Peoples' Friendship University of Russia (RFUR) (RUSSIAN FEDERATION)
About this paper:
Appears in: EDULEARN16 Proceedings
Publication year: 2016
Pages: 8220-8226
ISBN: 978-84-608-8860-4
ISSN: 2340-1117
doi: 10.21125/edulearn.2016.0797
Conference name: 8th International Conference on Education and New Learning Technologies
Dates: 4-6 July, 2016
Location: Barcelona, Spain
The article deals with the issues related to the interaction between linguistics, translation studies and methods of teaching translation with an emphasis on the approaches to building up the foundations for a university-level course on the theory and practice of translating written texts from English to Russian. The course has been designed as an introduction to the field of translation. Typical difficulties that students encounter at the initial stage of study are their poor mastery of the languages involved, insufficient knowledge of translation theory, and, as a result, a low level of motivation.

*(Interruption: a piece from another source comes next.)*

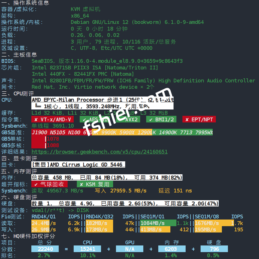 AMD EPYC-Milan Processor猜测应该是AMD EPYC 9004系列,主频 4491.540 MHz,归属地法兰克福,支持IPv6,当前实测I/O大致699.7 MB/s: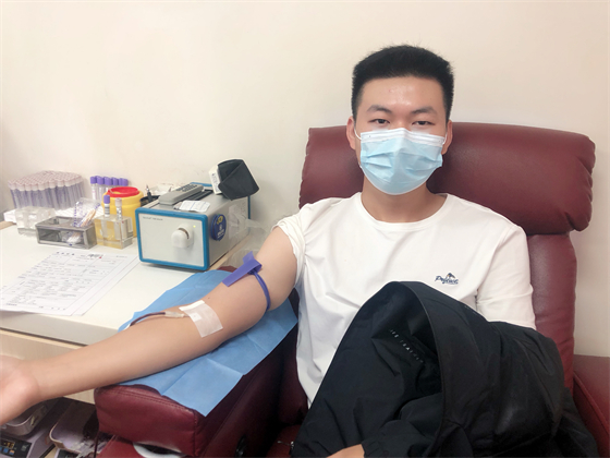 獻(xiàn)完血的王波靜靜地坐在一邊休息,這個(gè)剛滿(mǎn)十八歲的大一新生還略顯青澀,前天他已經(jīng)來(lái)過(guò)一次,但因?yàn)檠愿邲](méi)獻(xiàn)成血,休息了兩天后,他趕在今天回學(xué)校前完成了這個(gè)心愿。王波平時(shí)喜歡看書(shū)和跑步,話(huà)也不多,離開(kāi)前他問(wèn)工作人員,下次寒假回來(lái)是不是可以獻(xiàn)第二次血。在得到“捐獻(xiàn)全血間隔時(shí)間不夠半年,但可以試試捐獻(xiàn)機(jī)采血小板”的答復(fù)后,王波睜大眼睛使勁點(diǎn)了點(diǎn)頭,又給自己定下了一個(gè)新目標(biāo)。

Given these difficulties, the course material, though founded on some theoretical points, has to be presented to students via intelligible and easily accessible forms of information, one of which is mini-texts. Before starting in on actual translation, one must first of all formulate a translation strategy, by which we mean doing some preliminary analysis of the source text to be translated. The translator must carefully read the text from start to finish and try to imagine the communicative situation in which this speech act occurred in the source language. Then he researches the meanings of words and grammatical constructions to recognize and determine the text-type and the level of background knowledge that the Russian-language recipient can be expected to have. The source text is then divided into fragments. Each fragment contains a single utterance, or two to three utterances that are close to each other in meaning. By “utterance”, we mean the basic structural unit of a coherent text that consists of a single complete thought and the language forms used to express this thought.

Upon completing this preliminary work, the translator begins to actually translate, implementing a strictly ordered set of actions. These can be numbered as follows:
1. The first action is to render the source utterance in Russian word for word, i.e., to search for the closest Russian equivalent.
2. To summarize the preceding first action of a translator’s actual translation work, producing a word-for-word translation of a text allows the translator to identify elements that hinder communication between languages (i.e., “it’s just not said that way in Russian!”) and to find solutions.
3. If the translator does not encounter any difficulties of this sort in the text, he can continue on to the next action. At this stage in the process, the translator’s focus is on the utterance level, with problems typically coming from one or both of the following categories:
a) difficulties due to differences in the utterance information structure;
b) difficulties due to differences in its grammatical structure.
4. The translator continues to examine the utterance to be translated for needed transformations related to its grammatical structure, primarily the subject and predicate.
5. Once the translator has crafted the utterance in terms of its discourse features, information structure and grammatical structure, he can turn his attention to lexical issues.

As a very broad generalization, the steps we have laid out serve as one possible methodological approach to translating written texts from English into Russian. As mentioned earlier, this approach is based on a recognition of the speech actions that translators perform in their work. It has been implemented in various educational contexts to teach students of translation.
Translator’s speech actions, methods of teaching translation, teaching translation to beginners, discourse, utterance.